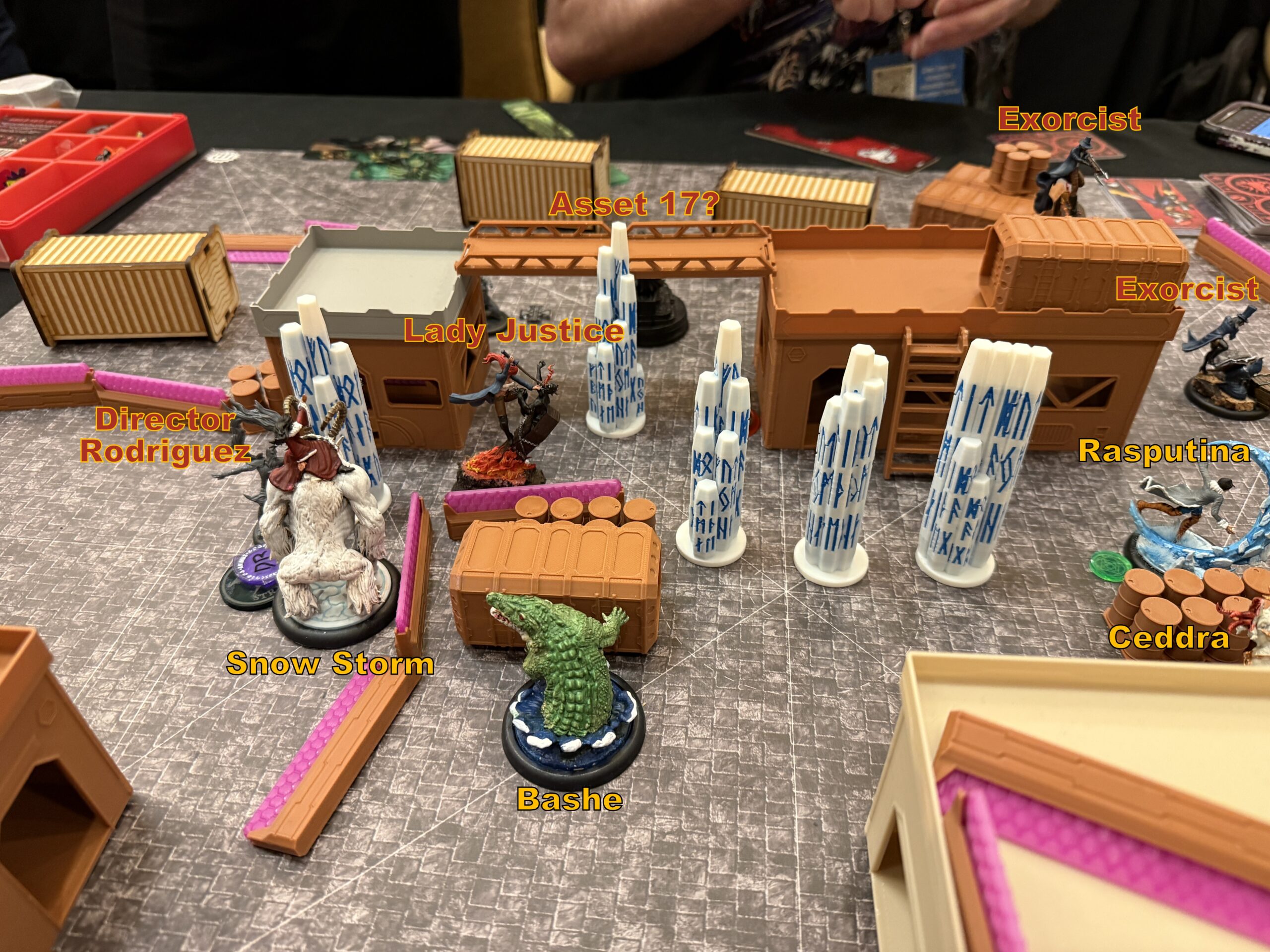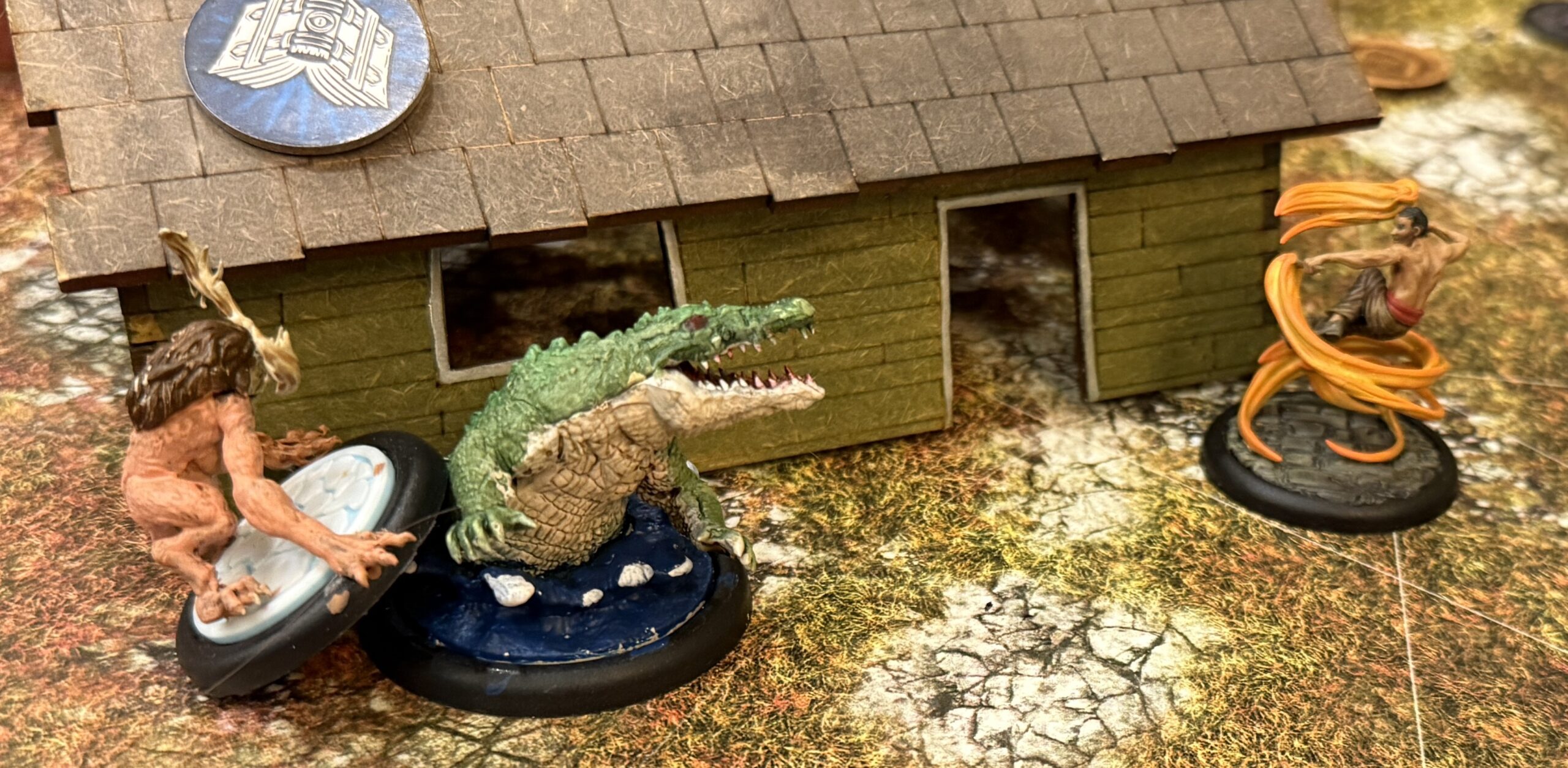 The version of Lady J I’ve faced before specialized in devastating direct damage. It seemed the Death-Touched variant drops corpse markers and then pulses conditions from those corpses. This was good, in a way, with Bashe on the team, as he eats corpses. He’s a giant alligator. It is what he does. But, the same ice pillars that kept Lady J pent up made it difficult for Snow Storm and Bashe to get good licks on her, so I had to bring Raspy up on the side to take her on directly. Having Raspy within 6″ of an enemy model in base contact with an ice pillar makes that model unable to move or be moved without explicitly using a “Walk” action.
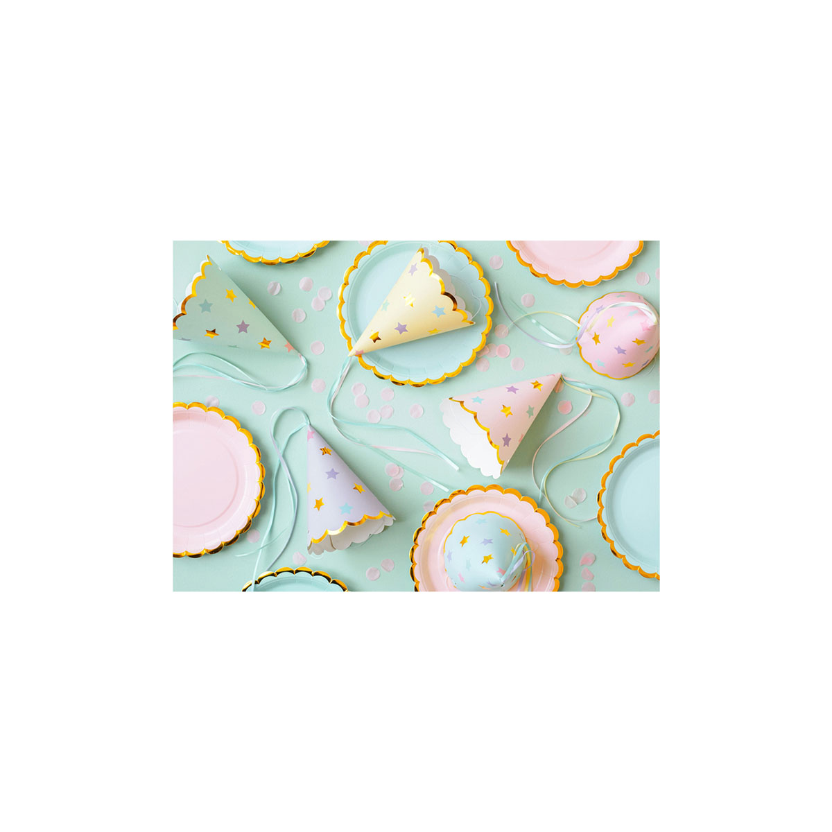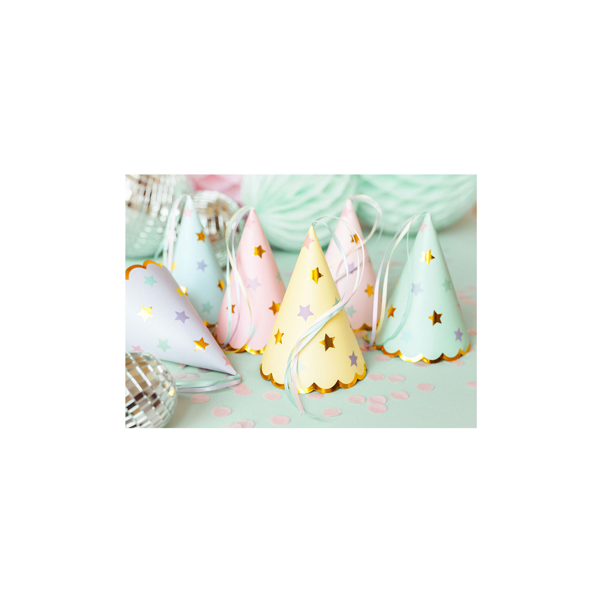 Καπέλα για πάρτι με πολύχρωμα και χρυσά μεταλλικά αστέρια.
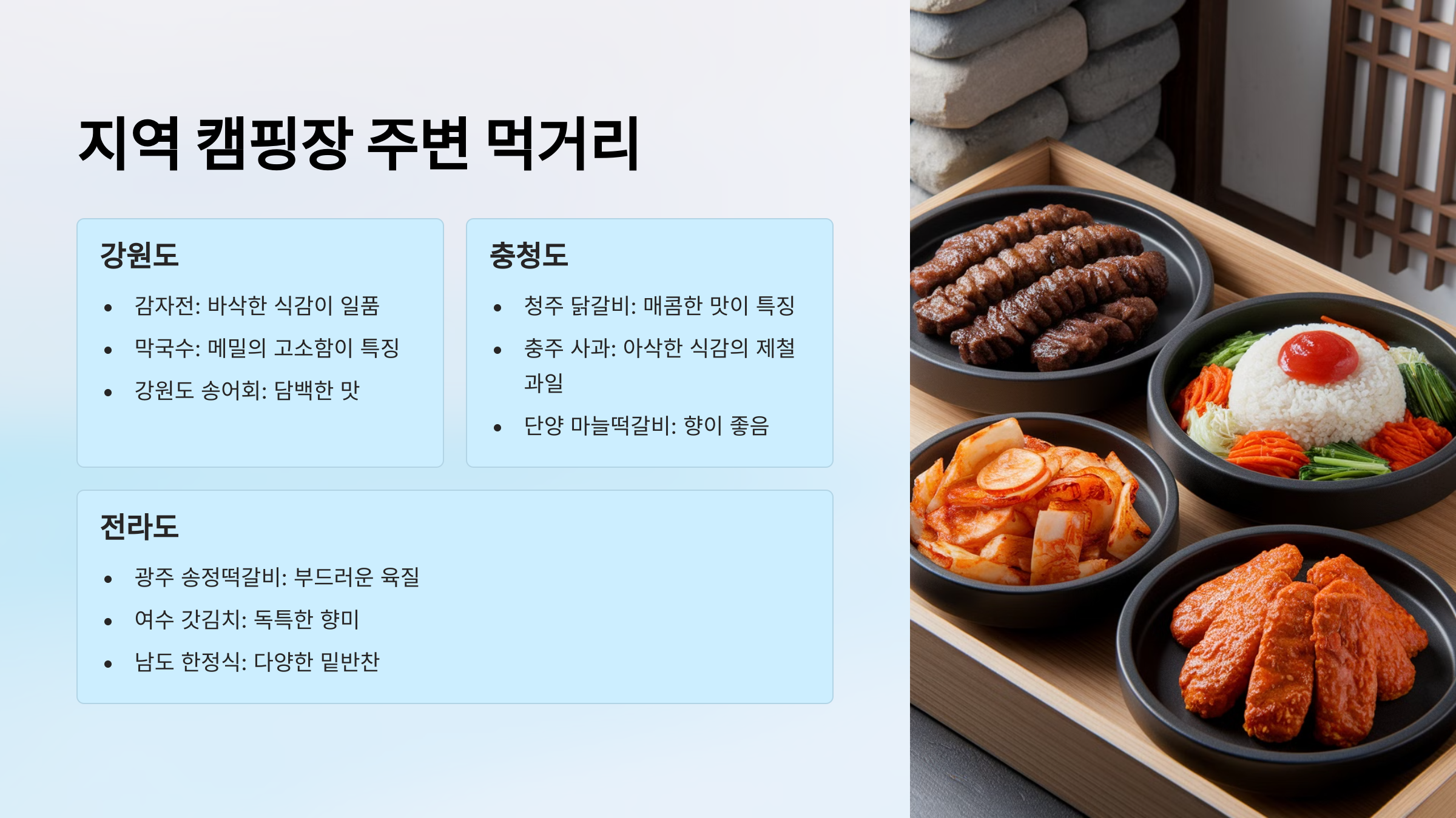 이제 다음 섹션에서는 캠핑장 근처에서 맛볼 수 있는 지역별 먹거리들을 소개할게요! 현지에서 먹는 음식의 감동은 또 다르잖아요? 😋
■ ■ ■
[Task description]
All of the material must be repeated exactly in the answer, apart from the pictures.

[Solution to this problem]
 The version of Lady J I’ve faced before specialized in devastating direct damage. It seemed the Death-Touched variant drops corpse markers and then pulses conditions from those corpses. This was good, in a way, with Bashe on the team, as he eats corpses. He’s a giant alligator. It is what he does. But, the same ice pillars that kept Lady J pent up made it difficult for Snow Storm and Bashe to get good licks on her, so I had to bring Raspy up on the side to take her on directly. Having Raspy within 6″ of an enemy model in base contact with an ice pillar makes that model unable to move or be moved without explicitly using a “Walk” action.
 Καπέλα για πάρτι με πολύχρωμα και χρυσά μεταλλικά αστέρια.
 이제 다음 섹션에서는 캠핑장 근처에서 맛볼 수 있는 지역별 먹거리들을 소개할게요! 현지에서 먹는 음식의 감동은 또 다르잖아요? 😋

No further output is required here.